Read more @ Brazil Is Struggling To Fill The Stands At The Rio Olympics


----------



## Unkotare (Apr 19, 2016)

Would you go? If I won a free, all expense-paid trip to the Olympics, I think I'd pass. 


I've always wanted to go to Brazil, but now doesn't seem to be the best time.


----------



## Iceweasel (Apr 19, 2016)

They're gonna lose brazillions of dollars.


----------



## Unkotare (Apr 19, 2016)

Iceweasel said:


> They're gonna lose brazillions of dollars.




Real-ly


----------



## rightwinger (Apr 19, 2016)

The Olympics have gotten too big and are now grossly unprofitable. The prestige is no longer worth the debt


----------



## Dont Taz Me Bro (Apr 19, 2016)

That's because Brazil is now a cesspool run by  a Communist government.  They should have never been awarded the Olympics.  They don't have the means to be ready for it.


----------



## rightwinger (Apr 19, 2016)

Dont Taz Me Bro said:


> That's because Brazil is now a cesspool run by  a Communist government.  They should have never been awarded the Olympics.  They don't have the means to be ready for it.



China put on a nice Olympics


----------



## elektra (May 17, 2016)

It would suck to get stuck in Brazil if the shit hits the fan. Little things are real eye openers, I once spent 4 hours waiting to get out of the Rio airport GIG, the government workers were protesting so they had one Immigration guy taking his time looking at every persons passport.

For a week after New Years, cause nobody was working, there was no sliced bread, like wonder bread in the stores. 

And of course the crime is really crazy, you literally live with crime no matter where you live, people getting killed, robbed, on just about every block of any given street. 

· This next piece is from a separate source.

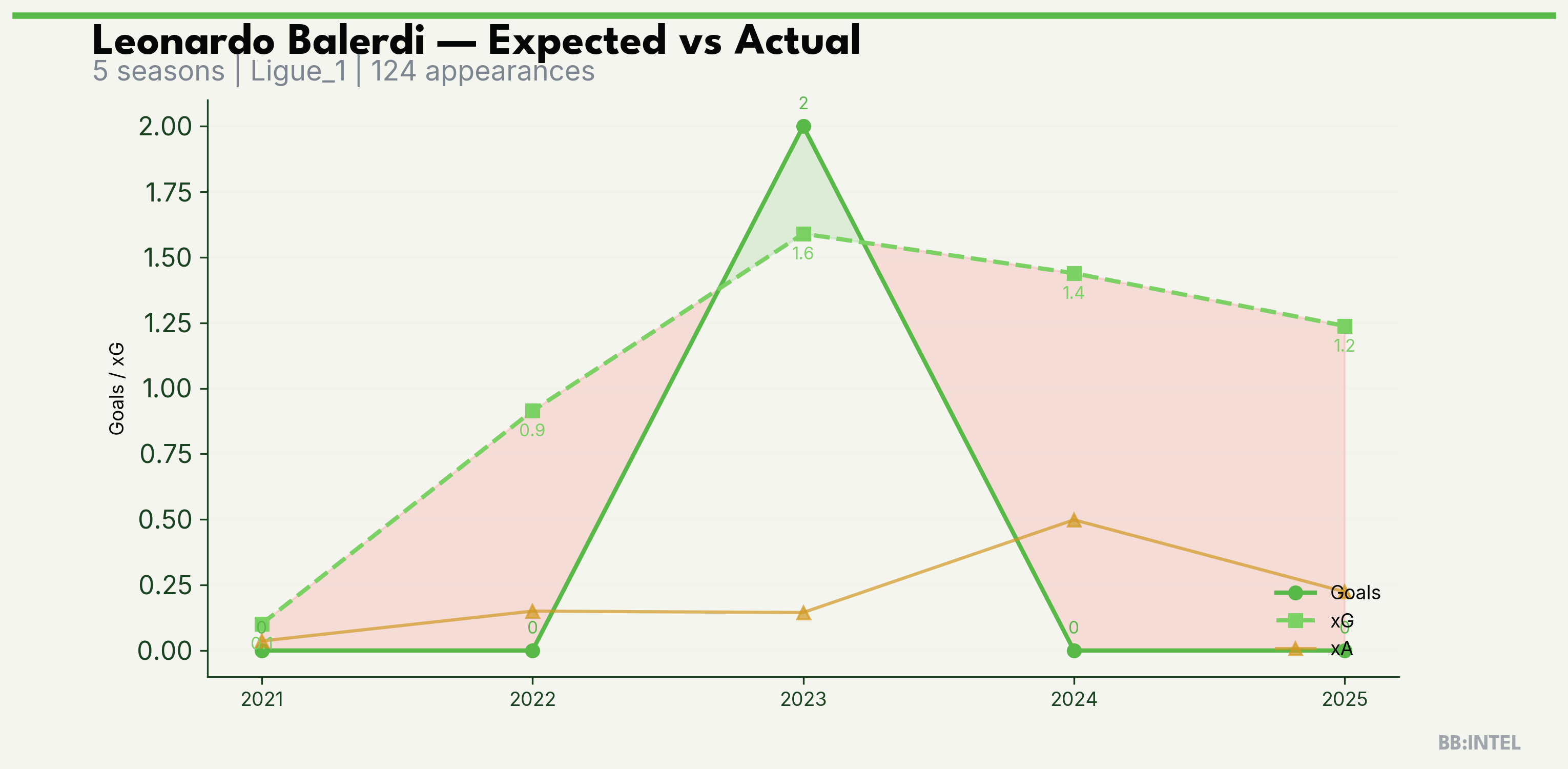 | 2024/2025 | Ligue_1 | 27 | 0 | 1.4 | 0.5 | 15 | -1.4 |

But, it is a beautiful third world hell hole.


----------



## Skull Pilot (May 17, 2016)

rightwinger said:


> The Olympics have gotten too big and are now grossly unprofitable. The prestige is no longer worth the debt


I stopped watching when they started allowing pro athletes to compete  and cutting out wrestling and leaving in curling was the dumbest thing I ever saw

And now there's more doping than at the Tour de France

Time to mothball the games


----------